Closed Bug 458531 Opened 16 years ago Closed 16 years ago

Crash [@ nsAttrValue::ToString] with radialGradient, gradientTransform and command

Categories

(Core :: XUL, defect, P1)

defect

Tracking

()

VERIFIED FIXED

People

(Reporter: martijn.martijn, Assigned: smaug)

References

Details

(4 keywords, Whiteboard: [sg:critical?])

Crash Data

Attachments

(3 files)

Attached file testcase
See testcase, which crashes current trunk build and Firefox 3 within 100ms.
It doesn't crash in Firefox 2. I can look for a regression range, if wanted.

http://crash-stats.mozilla.com/report/index/c492d0cc-924e-11dd-b1de-001cc4e2bf68?p=1
0  	xul.dll  	nsAttrValue::ToString  	 content/base/src/nsAttrValue.cpp:325
1 	xul.dll 	nsXULDocument::AttributeChanged 	content/xul/document/src/nsXULDocument.cpp:983
Flags: blocking1.9.1?
This crash looks somewhat scary... setting to [sg:critical?] for now.  Feel free to lower the severity if you don't think this is exploitable.
Whiteboard: [sg:critical?]
In GDB, I tried placing a breakpoint at nsNodeUtils.cpp:107 (inside of nsNodeUtils::AttributeChanged).  I set this breapoint to simply continue each time it's hit.

When the "doe" function fires, I hit this breakpoint thousands of times in sequence, alternating between aModType = 3 (nsIDOMMutationEvent::ADDITION) and aModType = 2 (nsIDOMMutationEvent::REMOVAL).  I just let it run for a few minutes, and it hit the breakpoint about 2000 times so far.

Now, if I interrupt it and disable the breakpoint (or if I never set up the breakpoint in the first place), then I segfault almost immediately.

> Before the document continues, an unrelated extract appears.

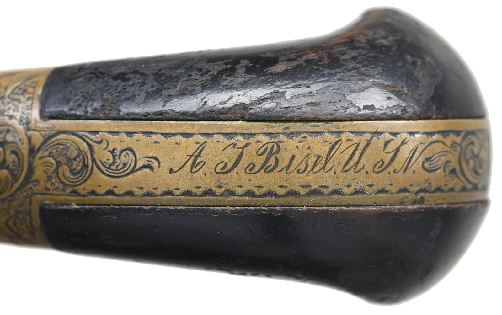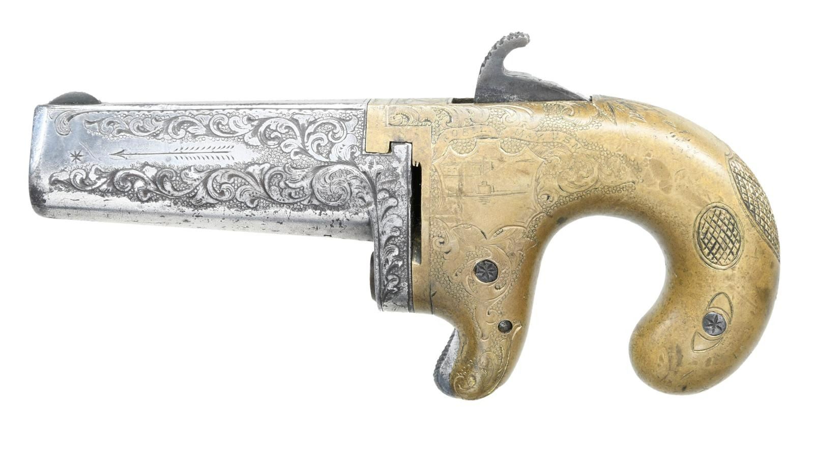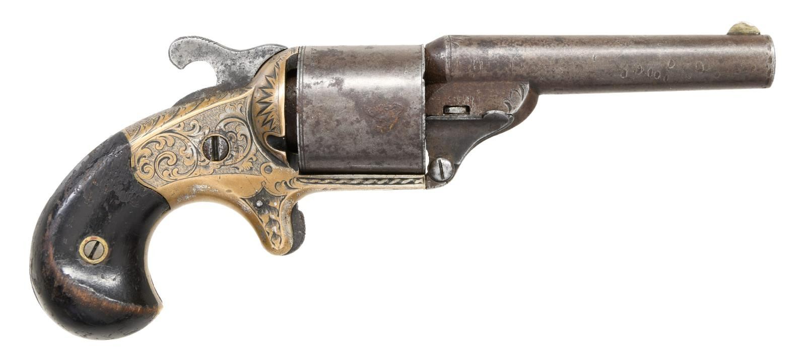 FRONT LOADING REVOLVER AND NO. 1 DERRINGER. GUN 1) FRONT LOADING REVOLVER. Cal. 32 Teat-fire. S# 16178. Bbl. 3 1/4". A total of about 30,000 of these pistols were manufactured from 1864-1870. This pistol has a round barrel w/ semi-circular German silver front sight. Right side of lug has a hooked extractor. Six shot round cyl. Silver finished brass frame w/ generous coverage of well executed, attractive hand engraving. There is also engraving on the front of the frame and at the base of the barrel. 2-piece bird's head wooden grips. Backstrap is inscribed "A. J. Bisel U.S.N.". Amos Bisel was initially in the Pennsylvania Volunteer Infantry before transferring to the United States Marine Corps. He served on the Ironclad, the USS Benton beginning w/ their service on the Mississippi in early 1862 for the duration of the war. The revolver is housed in a wooden case measuring 8 1/2" x 4 1/2" x 2" w/ burgundy velour fitted interior. An interior 50-hole cartridge block contains 5 original teat-fire cartridges for the revolver. UNATTACHED ACCESSORIES: a large folder containing photographs of Bisel & the USS Benton. Many pages of the history of the USS Benton are included. Also included is historical information about Mr. Bisel & copies of his letters from home describing the USS Benton's actions. CONDITION: bbl. & cyl. have faded to brown showing small dings & a few scattered spots of oxidation. Brass frame retains areas of original silver finish on the sides & protected areas. Grips have a worn finish attesting to the pistol's years of service. Action functions well. Good but dirty bore. Case shows light wear & handling marks w/ tight drying cracks in the lid. Cartridges have light oxidation to the lead. (01-24143/DS/BF). 2) NO. 1 DERRINGER. Cal. 41 RF. S# 1361. Bbl. 2 1/2". Approximately 6,000 of these classic derringers were manufactured by Moore & National brands between 1860-1870. This visually attractive example has an elliptical shaped, silvered barrel that is nearly completely covered with fine engraving. The engraving is a very scarce variation w/ large arrows engraved on each side of the bbl. Top flat is marked "MOORES PAT. F. A. CO. BROOKLYN N.Y.". Bottom of bbl. is marked "PAT. FEB. 2, 1863". This pistol has a 1-piece frame & grip w/ spur trigger & center mounted hammer. The entire frame originally had vivid gold plating and broad scroll decorative engraving. The top left of the frame is engraved in a ribbon "ROBT. L. MAY, U.S.N." above a shield depicting a monitor sailing past what appears to be Fort Sumter flying a flag. Robert L. May graduated from the United States Naval Academy in 1849. He initially served on the Steam Frigate Susquehanna in the East India Squadron. He served on numerous ships before being assigned to the USS Benton. UNATTACHED ACCESSORIES: large folder of printed & copied information pertaining to Lieutenant Robert L. May and the USS Benton, its crew & also many pages of documents regarding financial matters of the ship & crew. CONDITION: bbl. retains 50% of the original silver finish w/ some areas showing tarnish. The gilded brass frame has traces of gold plating remaining in the protected areas. The balance has acquired a pleasing mustard patina showing a few dings & expected handling marks. Good but dirty bore. (01-24144/DS/BF). BOTH ANTIQUES. $7,000-10,000.

So, it looks like we've got a combination of an infinite loop and a race condition.
 - When the breakpoint is enabled, it works around the race condition (because of the tiny delay on each break), but this reveals the infinite loop.  
 - When the breakpoint is disabled, the race condition quickly triggers a crash, and we lose.
OS: Windows XP → All
Hardware: PC → All
(In reply to comment #3)
> So, it looks like we've got a combination of an infinite loop and a race
> condition.

I lied -- we're actually doing infinite recursion (and presumably running out of stack space).  Specifically, this is what happens:

* We start in nsGenericElement::UnsetAttr, with the following arguments:
    this == the nsSVGRadialGradientElement
    aName == nsGkAtoms::gradientTransform

* That method creates this local variable:
    mozAutoDocUpdate updateBatch(document, UPDATE_CONTENT_MODEL, aNotify);

* Just before we finish nsGenericElement::UnsetAttr, we run the destructor for this local variable.
 - The destructor ("~mozAutoDocUpdate") calls mDocument->EndUpdate()
 - That calls UnsetAttr on the nsSVGRadialGradientElement (with  aName == nsGkAtoms::gradientTransform)
 - That puts us in nsSVGElement::UnsetAttr, which calls nsGenericElement::UnsetAttr in its last line.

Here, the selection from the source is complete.